9.2.5 Gather infrastructure information
Detailed information is required for the following items:
•Individual Fabric Details
•Device Details
•Device Mapping Details
•Application-Specific Details
9.3 Migration strategy
The migration process can be simplified by preparing a migration plan in advance. Besides cabling, rack space, and power requirements, other factors such as scheduling downtime, personnel security, and application change windows as well as host and storage failover can significantly affect the SAN operations. The current configuration and operational requirements of a target SAN might impose additional constraints. The key to a successful migration is to minimize fabric interruption or to completely eliminate downtime, whenever possible, by identifying issues in advance.
Effective planning provides the preliminary groundwork for the evaluation phase and sets the foundation for the migration process. After reviewing the requirements that apply to a specific situation, the migration process will fall into one of the following categories:
•Online Redundant Fabric Migration
A redundant fabric provides the flexibility to upgrade one fabric by bringing it offline while redirecting active I/O to the other fabric. Current I/O operations are not affected by the migration activity. With this strategy, the hosts are operating in a degraded mode with no data path protection. Any failure on an active path completely ceases I/O.
With proper planning, any downtime or outage is minimized. When the fabric upgrade has been completed and verified, it can be brought back online by restoring the I/O paths. The migration process is repeated for the second fabric after all I/O paths are successfully restored on the first fabric.
•Offline fabric migration
An offline fabric migration assumes that a fabric can be brought offline to perform the migration and that I/O is stopped during the downtime. This method is the safest and most convenient method for migration.
9.3.1 Migration methods
Infrastructure resiliency or redundancy of the fabric determines the primary migration strategy. While you are preparing for the development of a migration plan, the strategy to be used must be identified. The migration has the following options:
•Port-to-Port migration: This method is a straightforward port-port migration from one fabric to another. This method requires all logically grouped initiator/target pairs to be moved during a single migration activity. This strategy is called migrating by “move groups.” For example, when a storage port is moved, all associated HBAs that are accessing LUNs through this port must also be moved.
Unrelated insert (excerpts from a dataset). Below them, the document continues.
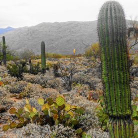The park is named for the large saguaro cactus, native to its desert environment. It is the largest and one of the slowest growing of all cacti, reaching up to 15 meters high and living for several centuries. Plants can weigh up to 8 tons, partly because of the large amount of water the stems can hold – after rainfall the cactus can absorb hundreds of gallons in a short time. The saguaro may be only 6 inches high after 10 years, and the characteristic branched appearance is reached only after around 80 years.
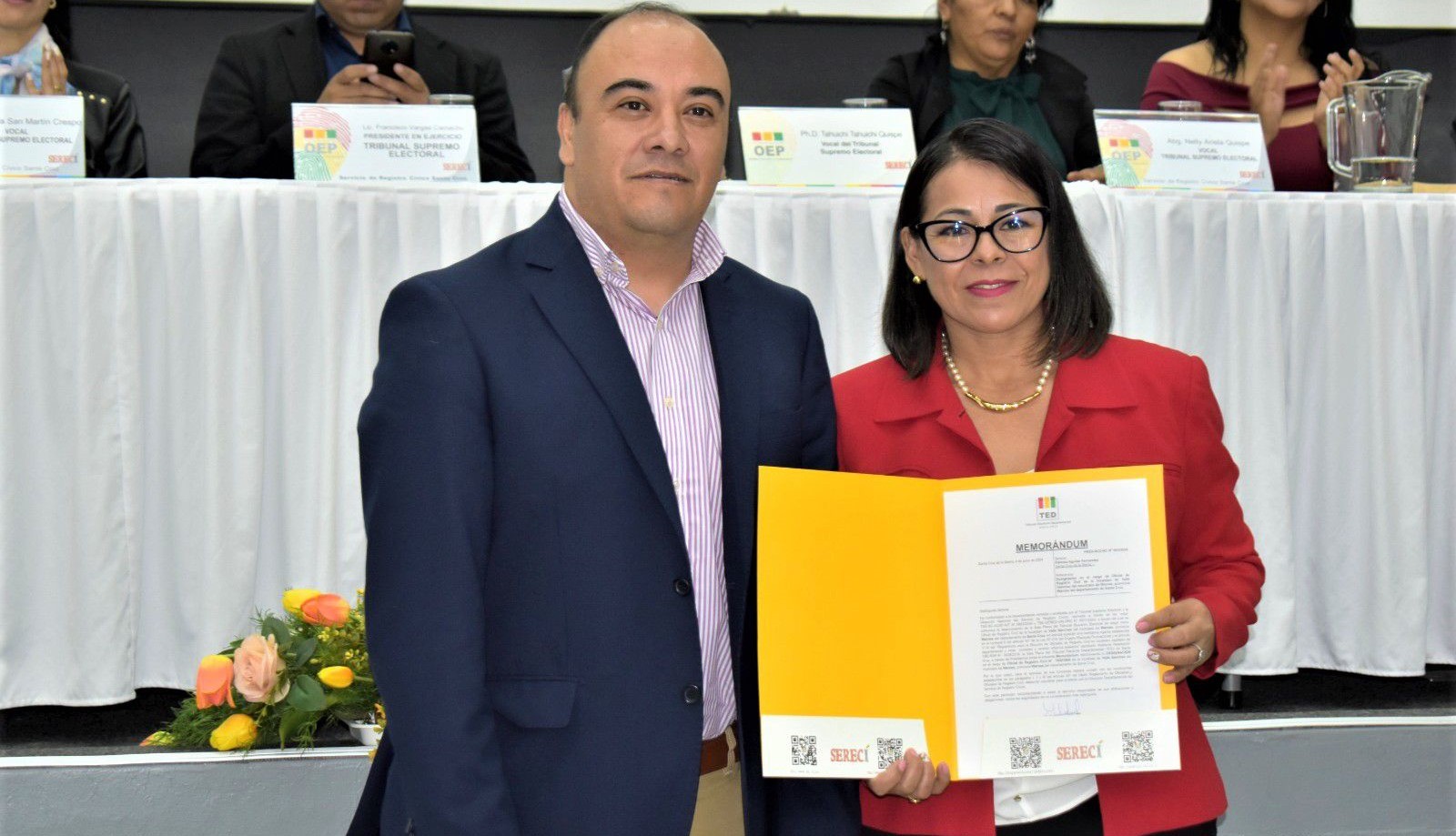 En principio, el presidente interino del TSE, Francisco Vargas, precisó la labor institucional del Serecí: “El Serecí registra los hechos vitales más importantes en la vida civil de los bolivianos y las bolivianas, registra el nacimiento, el matrimonio y la defunción de las personas, además de atender una serie de trámites; pero también administra el Padrón Electoral, que es la base de todo proceso electoral, mediante el registro de votantes. Dicho esto, deseo felicitar a las dos nuevas profesionales, que con seguridad tienen la vocación y empatía para brindar un servicio de calidad”.
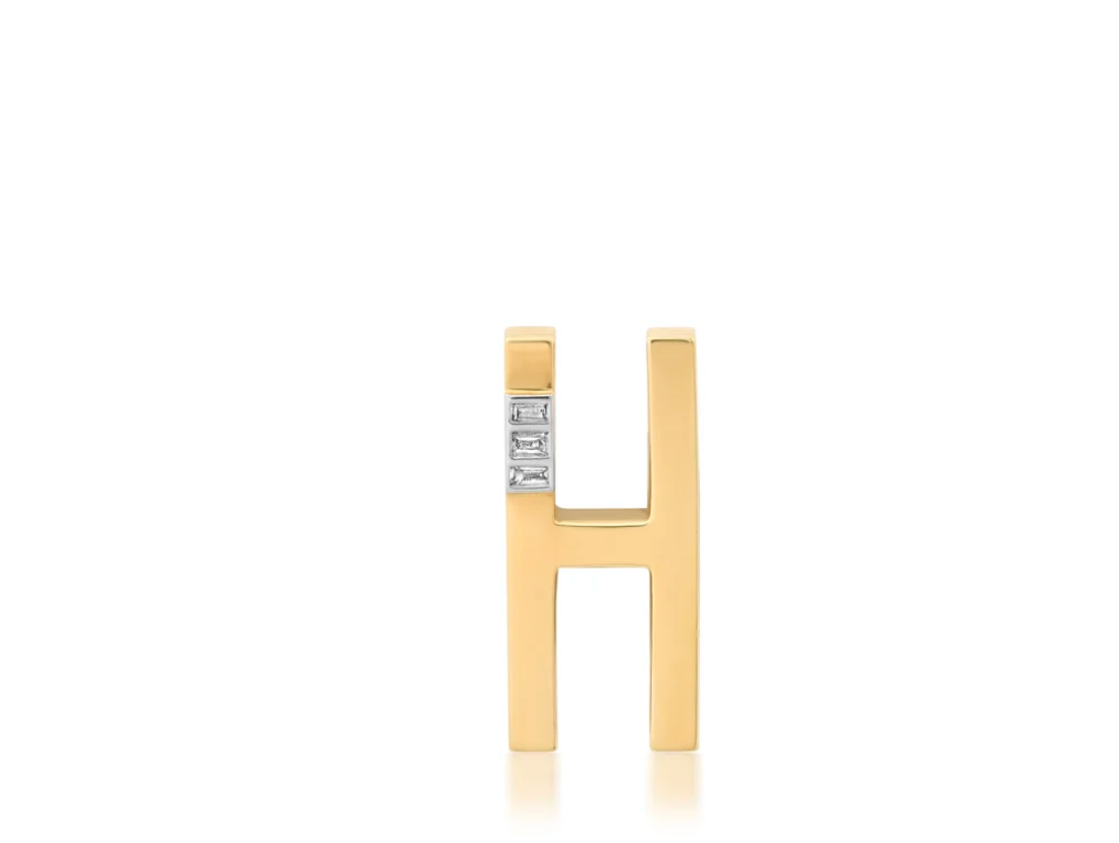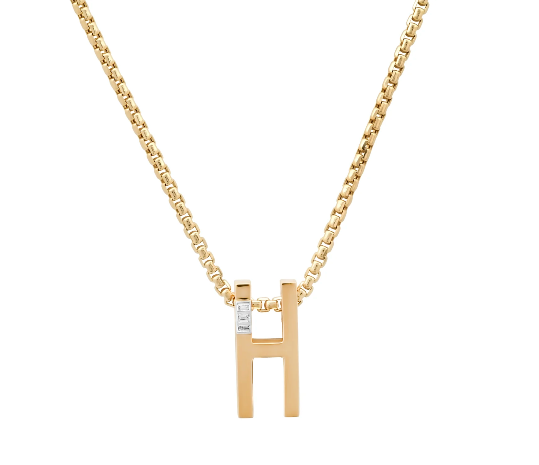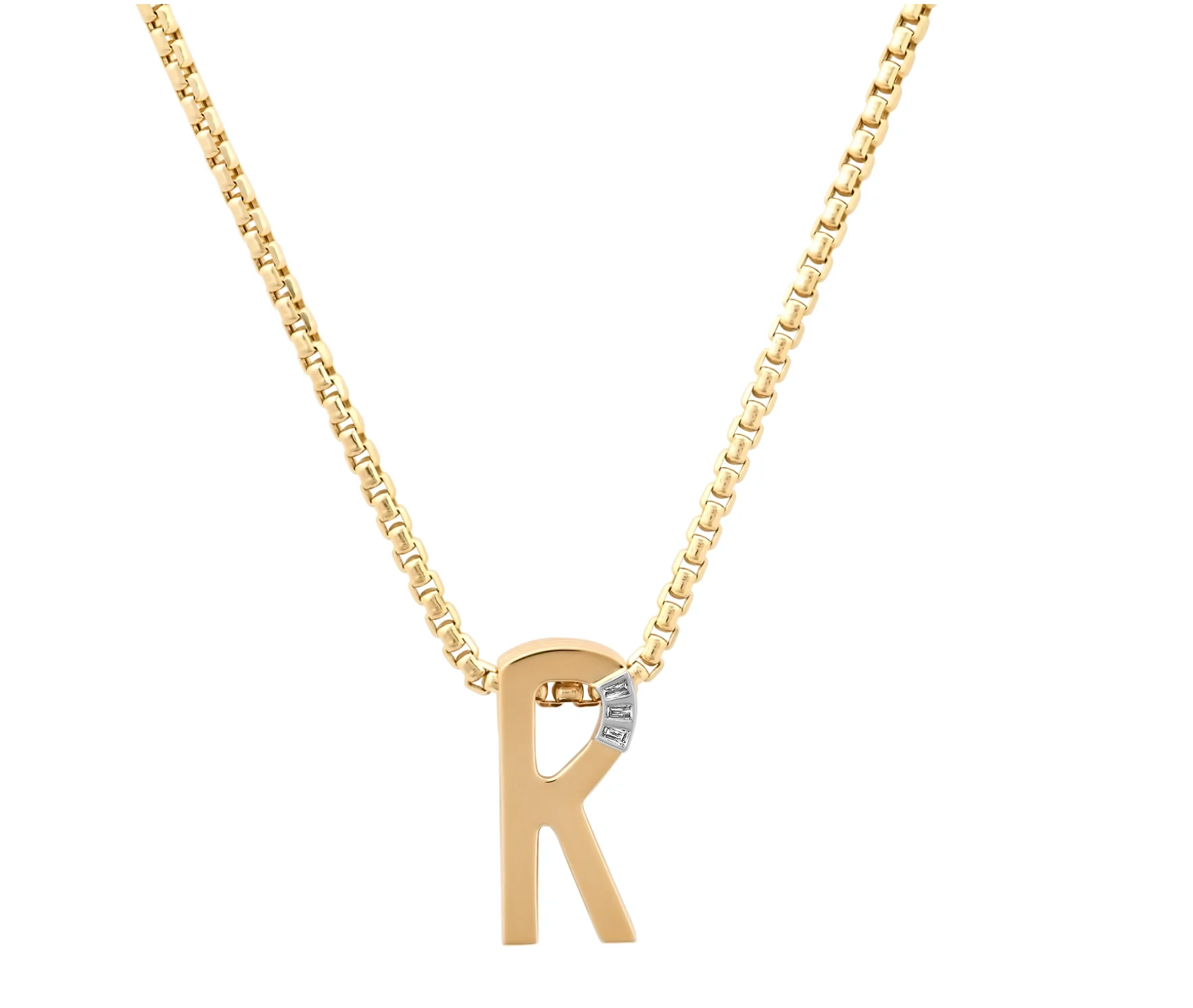 An extra-large version of the ribbed initial necklace. The grandsize ribbed initial pendant is handcrafted in 14k gold, with textured sides, and a 3 diamond baguettes. Available in 14k white and rose gold and on a 2.2 mm box chain in 16", 18" or 20"; please inquire. Final sale.
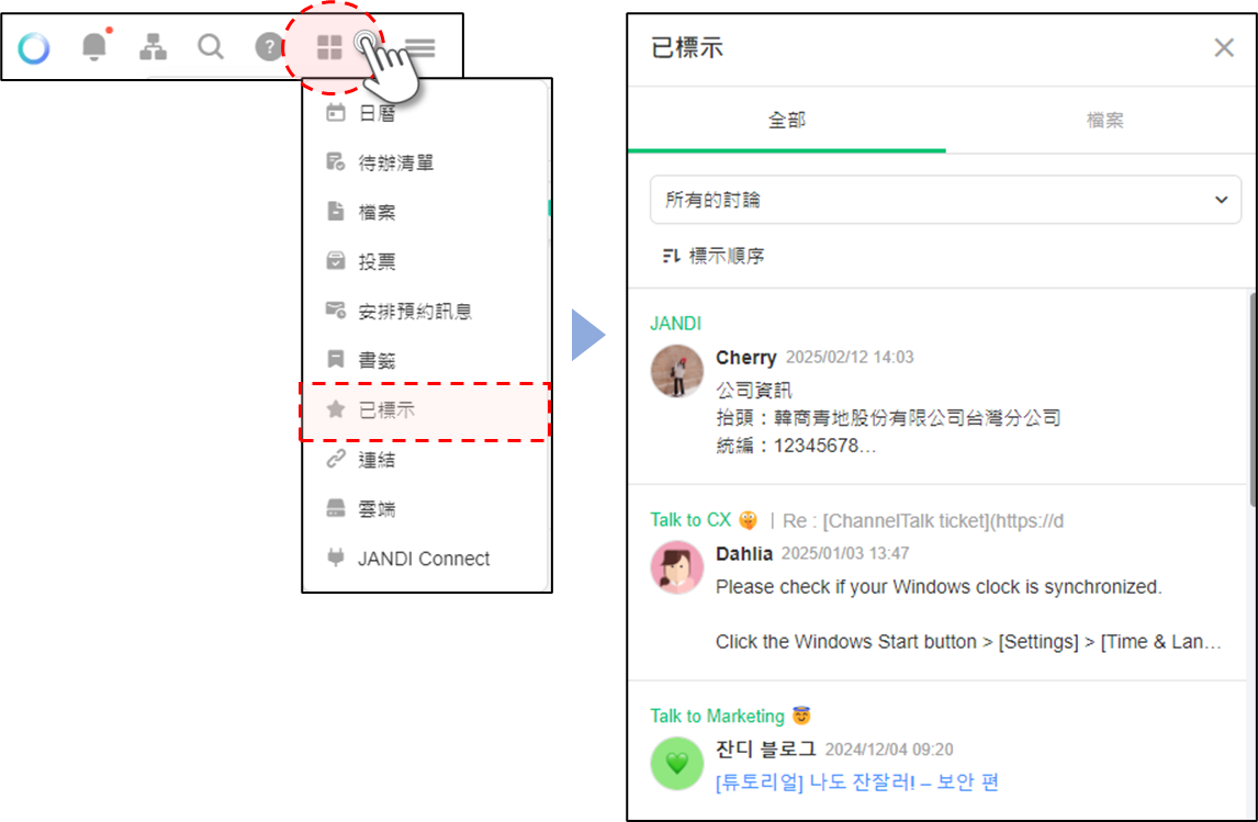 點擊 JANDI 介面右上角四個方塊 [選單] > 選擇 [已標示]。
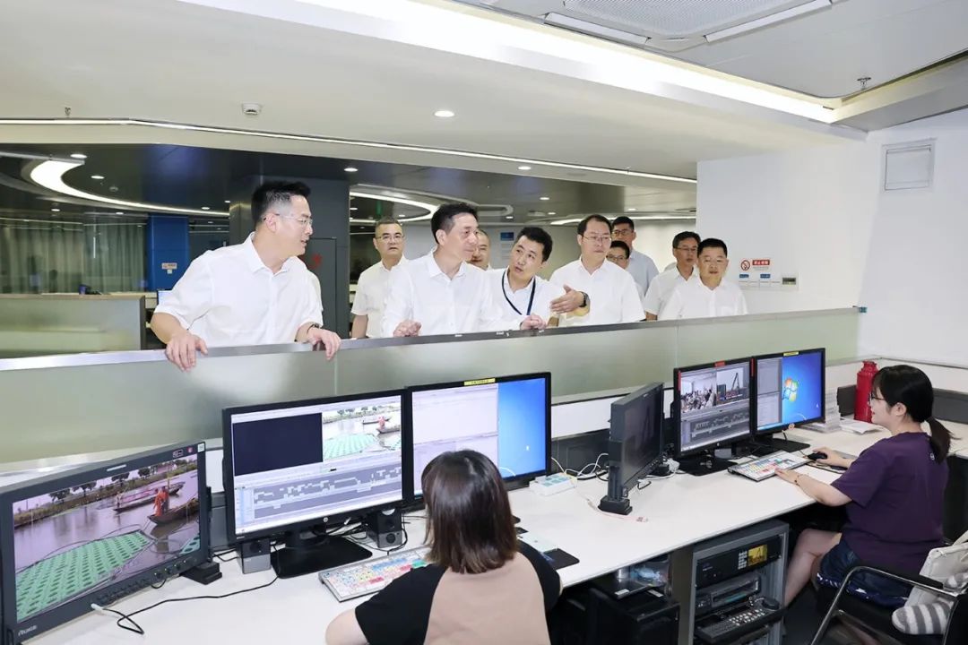 陈浩先后来到全媒采访中心、融媒编发中心的电视制播区、广播直播区和智媒工作区,看望慰问一线新闻工作者,感谢大家为推动全市改革发展作出的贡献。调研中,陈浩仔细询问新闻采集、编审、制作、播出流程以及“南太湖号”客户端运营、中心基础设施建设等情况,对大家展现出的良好精神面貌以及各项相关工作取得的成效表示充分肯定。他勉励中心采编人员,要始终围绕中心、服务大局,深入基层、贴近群众,勤于思考、善于学习,切实增强脚力、眼力、脑力、笔力,努力打造一支守正创新、融合奋进、卓越致远的湖州传媒铁军。

•Application migration: This method is possible if the physical infrastructure is not shared across application tiers. If the application happens to run on a new server and storage infrastructure, a validation is required to check whether all the data has been migrated before the cutover. SANs tend to be logically identified as database, web services, backup, and so on.
•Device migration: This method is a logical approach to offline migration because customers physically isolate servers and storage devices in racks or sections of the data center. Migrating devices by using this method provides a clear high-level accounting, especially for the racks that are relocated as part of the migration.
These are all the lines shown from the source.